- Districts of Central Region
- Gomoa Central District Location of Gomoa Central District within Central
- Coordinates: 5°30′36.72″N 0°44′51.72″W﻿ / ﻿5.5102000°N 0.7477000°W
- Country: Ghana
- Region: Central
- Capital: Gomoa Afransi

Population (2021)
- • Total: 83,610
- Time zone: UTC+0 (GMT)
- ISO 3166 code: GH-CP-GC

= Gomoa Central District =

Gomoa Central District is one of the twenty-two districts in Central Region, Ghana.

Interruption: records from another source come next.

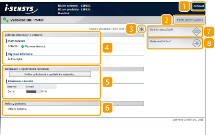 Zobrazí aktuální stav zařízení a informace o chybě. Pokud dojde k chybě, zobrazí se také odkaz na stránku s informacemi o chybě.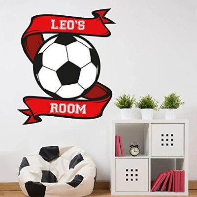 Football Wall Sticker Colour Banner on Ball Personalised Name Decal Kids Art (60cm Height x 50cm Width)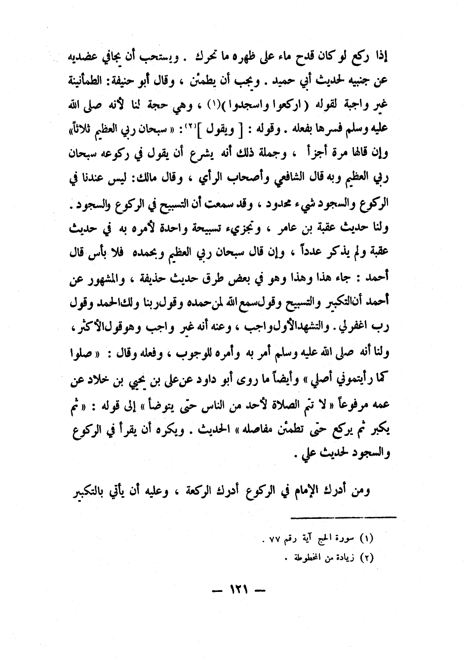 "إذا ركع، لو كان قدح ماء على ظهره ما تحرك". ويستحب أن يجافي عضديه عن جنبيه، لحديث أبي حميد. ويجب أن يطمئن، وقال أبو حنيفة: الطمأنينة غير واجبة، لقوله: {ارْكَعُوا وَاسْجُدُوا} ، 1 وهي حجة لنا لأنه صلى الله عليه وسلم فسرها بفعله.

Originally it was formerly part of the then-larger Gomoa District in 1988, until the eastern part of the district was split off to create the first Gomoa East District, with Gomoa Afransi as its capital town, on 29 February 2008 (which was later split off into two new districts on 15 March 2018: Gomoa Central District (capital: Gomoa Afransi), and the present Gomoa East District (capital: Potsin)); thus the remaining part has been renamed as Gomoa West District. With its capital at Apam. The Gomoa East district assembly is located in the southeast part of Central Region and has Gomoa Potsin as its capital town. In 2018 it was elevated to Municipal Assembly. Gomoa East Metropolitan Assembly with Gomoa Potsin as its capital.